Although the rate of sunflower haploid production remains extremely low when using particular methods, some success in the application of certain genotypes developed through breeding is evident. In particular, long-term work on the creation of pure lines of sunflower fertility restorers for heterosis breeding was carried out at the Dobrudzha Agricultural Institute (Bulgaria) [28,134]. Producing sunflower doubled haploids via induced parthenogenesis using γ-irradiated pollen has become a routine procedure [90]. Field studies of the progeny of doubled haploids have allowed for the isolation of lines with absolute or increased resistance to downy mildew (races 330, 700, and 731), phomopsis leaf and stem blight, phoma black stem, and the Alternaria leaf spot of sunflower, as well as broomrape races A, B, C, D, and E. Additionally, lines with increased productivity have been bred. Of special value are the sunflower doubled haploid lines with a combination of agronomic characteristics that have been used as parental lines to explore the heterosis of hybrids [8,11,16]. Sunflower pure lines with enhanced imidazolinone tolerance have also been produced [97]. In fact, in 2005–2017, bred fertility restorer lines were used as the initial parental forms for the production of the commercial hybrids Dobrozvet, Biotzvet, Valin, Mihaela, Alpin [90], Sevar [135], and Linzi [136].
Haploid production may play an important role in fertility restoration in distant hybridization.

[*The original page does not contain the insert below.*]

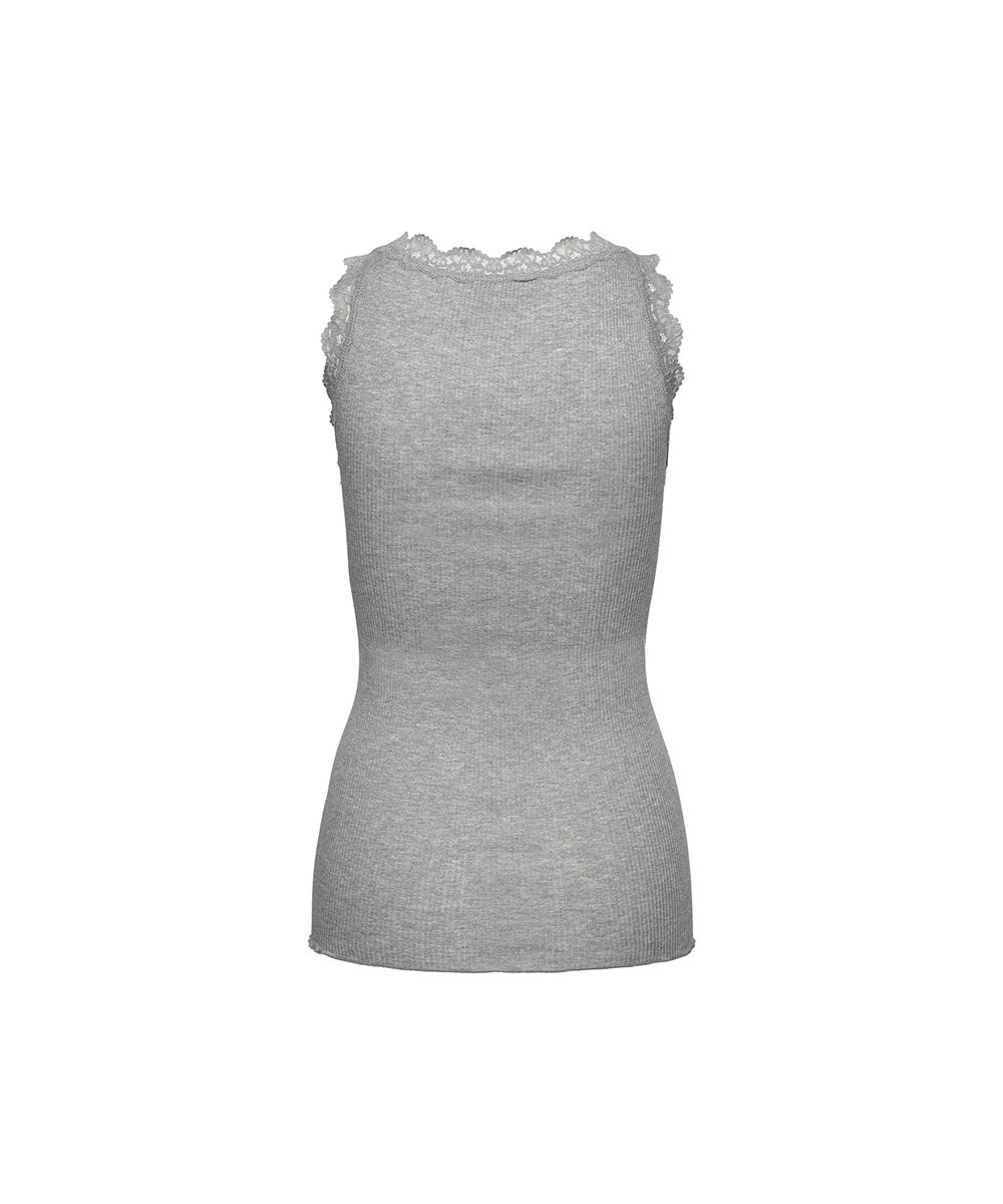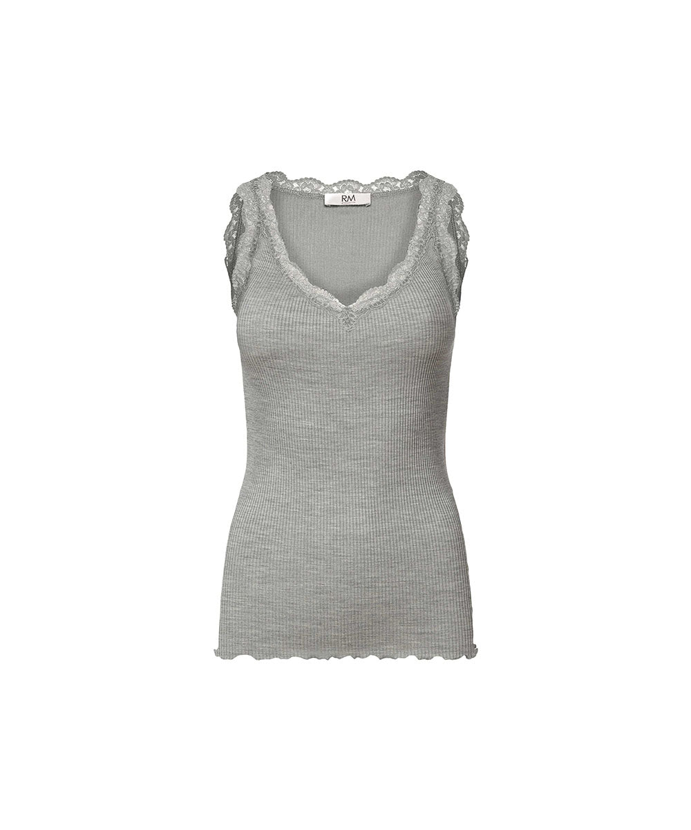 Elegant undertrøje fra Rosemunde. Undertrøjen er dekoreret med smukke blonder langs halsudskæringen. Toppen er rundstrikket i en blød ribbet, der indeholder både bomuld og modal. Tøj lavet i modal er fordelagtig at have, hvis du ønsker åndbart og hurtigtørrende tøj. Dertil kan modal have en kølende effekt, og samtidig er det meget vandabsorberende – hvilket kan være til gavn for dig, hvis du har tildens til at svede.

In particular, the interspecific F1 hybrid H. annuus L. × H. resinosus Small (2n = 4x = 68) had a low fertility (10–20%) [13]. However, another characteristic of haploid plants produced from the anther culture of this F1 hybrid is their high fertility (67 and 40% of fertile pollen grains in plants with 34 and 68 chromosomes, respectively) [13].
The aneuploids produced from the anther culture of the interspecific F1 hybrid H. annuus L. × H. resinosus Small (2n = 4x = 68) carried different numbers of chromosomes (51, 55, 60, 64, 66, 67, 69, 70, 74, and 85). The pollen fertility rate of aneuploid forms with 60, 66, 67, 69, 70, and 74 chromosomes varied in the range of 78–82%. On the contrary, the fertility rate of pollen grains in aneuploids with 51, 55, 64, and 85 chromosomes was 0–12%. Thus, aneuploids offer the opportunity to obtain unique genetic material that can be utilized in breeding [13].
The Alternaria helianthi leaf spot of sunflower is a widespread disease. Wild perennial species, such as H. mollis Lam., H. maximiliani Schrad., H. divaricatus L., H. occidentalis Riddell, and H. decapetalus L., carry the genes conferring resistance to this disease [54]. Selection for resistance to Alternaria leaf spot is limited because of the strong incompatibility of cultivated sunflower and wild species with different ploidy levels and the sterility of the produced hybrids [54]. The introgression of the genes responsible for resistance to this disease from other Helianthus hexaploid species (H. tuberosus L. and H. resinosus Small; 2n = 6x = 102) into the cultivated diploid sunflower cultivar Morden was performed [17,54]. The cross H. tuberosus L. (Acc. no. TUB 03; PI 451980) × H. annuus L. cv. Morden and H. annuus L. cv. Morden × H. resinosus Small (Acc. no. RES 09; PI 468879) produced fertile tetraploid interspecific hybrids (2n = (3 + 1)x = 68 and 2n = (1 + 3)x = 68, respectively), while back-crossing them produced the completely sterile triploid BC1 progeny. To avoid sterility in the produced BC1 hybrids, haploid plants were obtained using the anther culture of interspecific H. tuberosus L. × H. annuus L. and H. annuus L. × H. resinosus Small hybrids. The produced haploid plants were diploid and formed normal tetrads, despite a low rate of pollen fertility (Figure 5).
The artificial infection of plants with Alternaria helianthi has shown that 68.5 and 24.3% of the plants produced through anther culture from the interspecific H. tuberosus L. and H. resinosus Small hybrids, respectively, display increased resistance to this pathogen. Note that the resistance to Alternaria helianthi in wild sunflower species is of a polygenic nature. Since the tetraploid interspecific hybrid carries n chromosomes of the diploid cultivated sunflower and 3n chromosomes of the wild hexaploid, it is able to form two types of gametes: one that carries one genome of each parent (n = 1x + 1x) and one with the two genomes of the wild sunflower (n = 2x). Thus, the produced haploid plants can be also divided into two types according to the carried genomes. Sujatha and Prabakaran [17] assumed that haploid plants produced with an increased number of sterile pollen grains carried the genomes of two different species and, correspondingly, the pollen sterility is associated with meiotic abnormalities in the pollen grains, while haploid plants with a high pollen fertility carry the genomes of exclusively wild hexaploid species. However, both types of sunflower haploid plants are valuable as promising donor breeding materials.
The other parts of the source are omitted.